Below tutorial fine-tune a pre-trained RetinaNet model with ResNet-50 as backbone for object detection and also saves and exports the trained model which can be reused later.
You can follow the similar approach in the above tutorial for your use case.
Also, you can try any of the models in the official object detection section of Model Garden Library.
I dont know if you are up for a more extended discussion. I did this previously:
Load VGG16 without the output layers
Add a regression head
Train with 400 faces images using as label a vector with the 4 the coordinates
Predict on new face pictures and the test set
This approach seems to just not work with any image that is not from the dataset, and even within the dataset, it seems not to get the box small enough around the face.
The above posted link covers almost all the work around one should perform to make the model learn.
I wanted to add a few more tips which have greatly helped me in such a scenario.
Increase the sample size , more the data better is the learning . And try to generalize the samples so that it creates a generalizable model.
Try to augment and normalize the dataset to increase the number of samples. Data augmentation and normalization are two prevalent techniques used to improve generalizability.
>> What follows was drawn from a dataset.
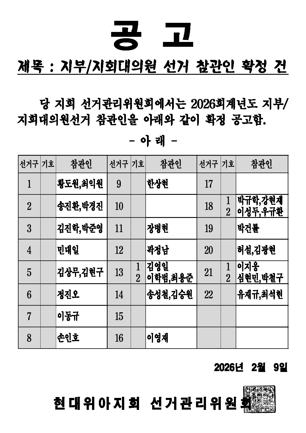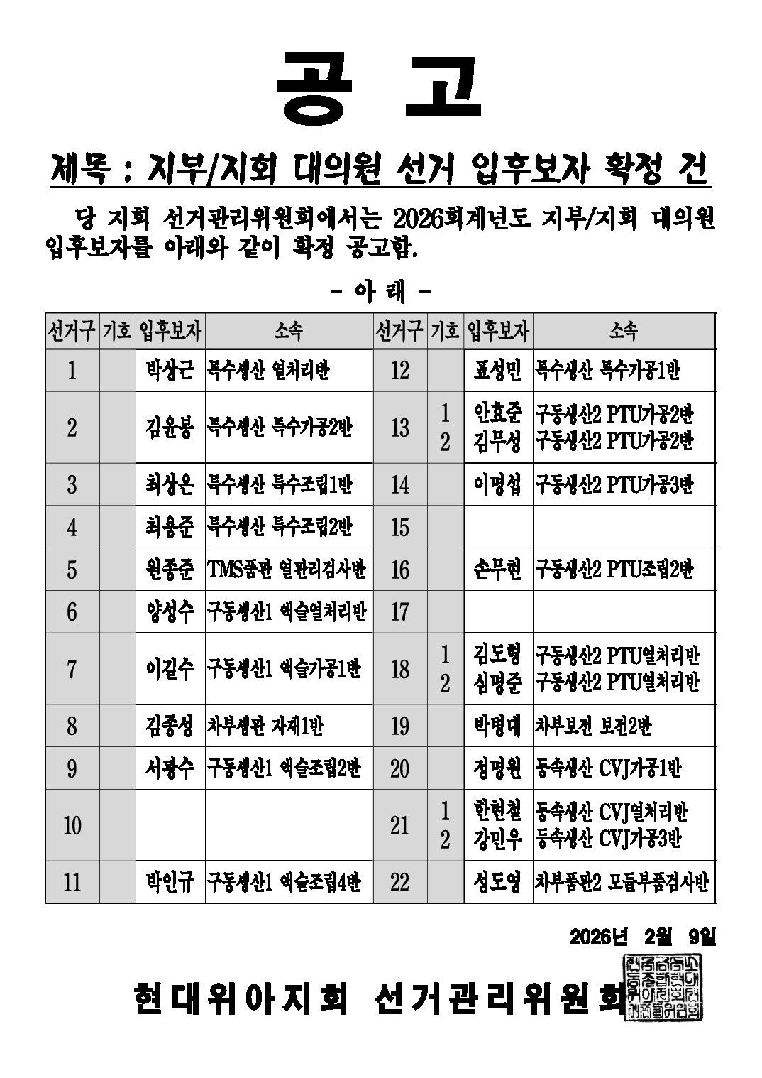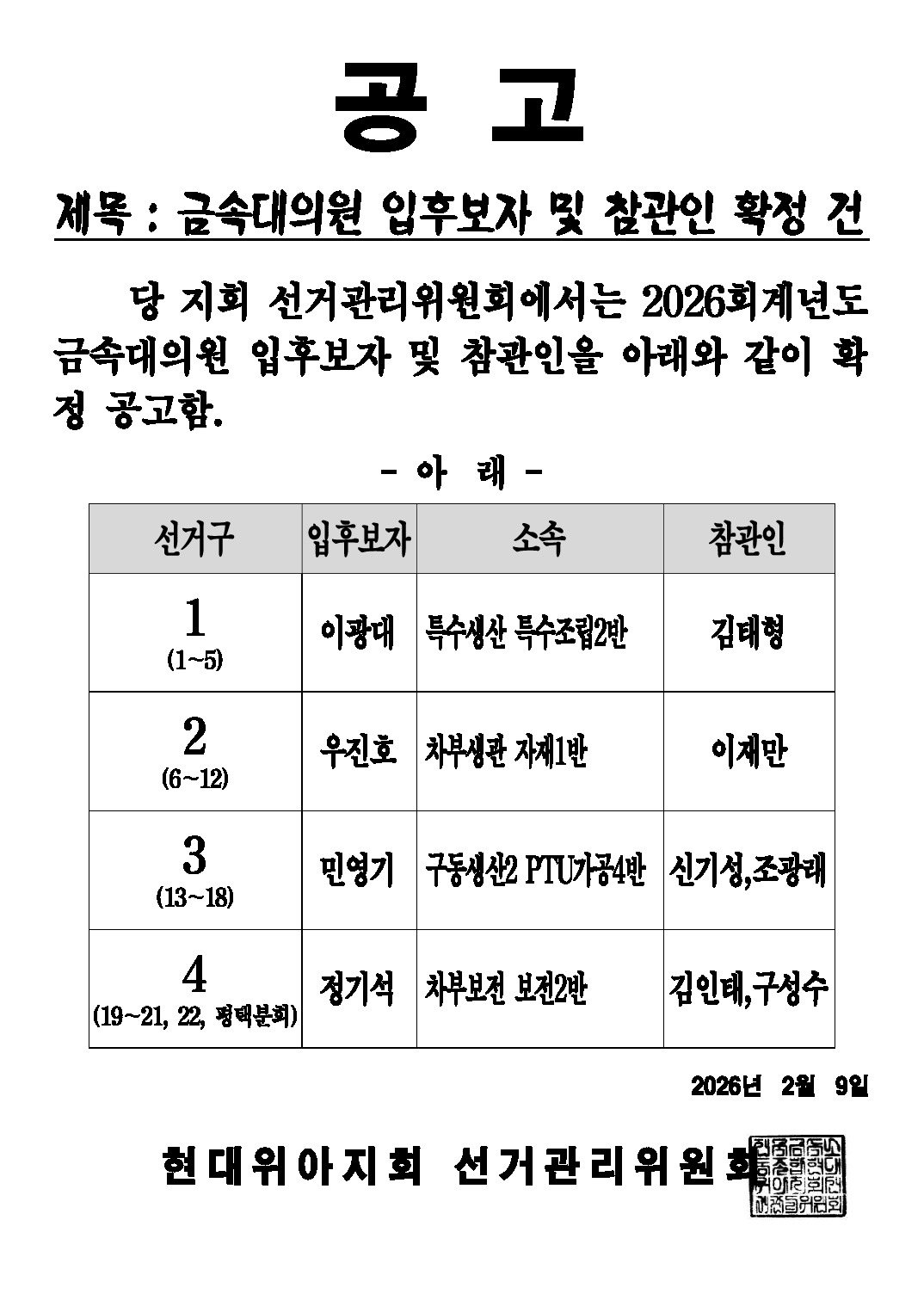 | 제목 | 선관위공고) 26'금속,지부,지회대의원 입후보 명단 외 | ||

Regularization and reducing the architecture complexity are two other methods commonly used to prevent overfitting.
Try Trainable to True , in my experience, I always got better performance (lower error in regression) when setting Trainable=True .
If none of the above tips works , we need to inspect the model architecture (which is fixed in our case).
Let us know if the above tips works for you.
I followed it but find it rather cumbersome in terms of notation to be honest, yet I will try it. At the moment I just tried YoloV4 from pytorch implementation, and seems rather easy to run and get results from it.